She did, however, hear the gunshot. And then the second gunshot, and the third.
And without being fully conscious of what was happening, or what she was doing, she grabbed the basket of loaves and sprinted into the alley that connected the back lot and the street behind it, putting as much distance between her and the polizia as she could without caring which direction she was going.
• • • •
My first unemployment check comes in, which is a relief until I see the amount. It’s far too small to live off of, but at least it’ll slightly slow the bleeding from my bank account.
There are no jobs. Businesses are closing left and right. From the few places I hear back, I get interviews, and then get ghosted after.

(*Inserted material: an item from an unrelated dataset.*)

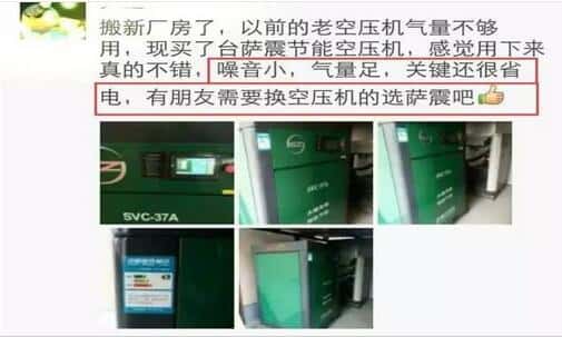該客戶用過一段時間后,是這樣說的:“搬新廠房了,以前的老空壓機氣量不夠用,現(xiàn)買了臺薩震節(jié)能空壓機,感覺用下來真的不錯,噪音小,氣量足,關(guān)鍵還很省電,有朋友需要換空壓機的選薩震吧。”

My yeast-delivering friend’s whole family is sick. He tells me how all-consuming the illness is, how they’re all still exhausted for weeks after. My doctor friend has permanent bags under their eyes.
My third attempt at challah looks amazing from the outside: the plaits are an inviting dark brown on the top of their bumps, rolling into pale yellow creases where they touch each other. The inside is dense and horrible, like an undercooked, unsweetened cake. Baking it further would just burn the top.
I upload “How not to make a challah 3” and notice that the viewcounts of my previous two videos are at around 50 apiece. Who on earth wants to watch me curse at dough, I don’t know.
“I’m giving up on bread,” I tell my bubbe on the phone after she manages to watch the video. “This is a waste of time and money and materials.”
“There’s magic in bread,” she says, “but the magic is more in the doing. If you can’t do this, do something else. Doing something is always going to help, even if it doesn’t help.”
It makes no sense. But she has been slipping into bits of senility lately, so I shake off her words and forget them shortly after, diving into yet another wave of what-ifs. What if she’s senile enough to wander out without a mask and catch Covid and die? What if she gets Long Covid and doesn’t die, but is bed-bound and stuck in misery for the rest of her life? What if all my what-ifs fling me into another panic attack? The pandemic anxiety threatens to swallow me whole.
• • • •
Ruth ran until she could run no more. She stopped, realizing she was outside in the snow without a coat or a plan, and was far from the ghetto where she was supposed to stay. She looked Jewish, itself already half a crime. Dark curly hair, thick black eyebrows, and more nose than was safe in this town.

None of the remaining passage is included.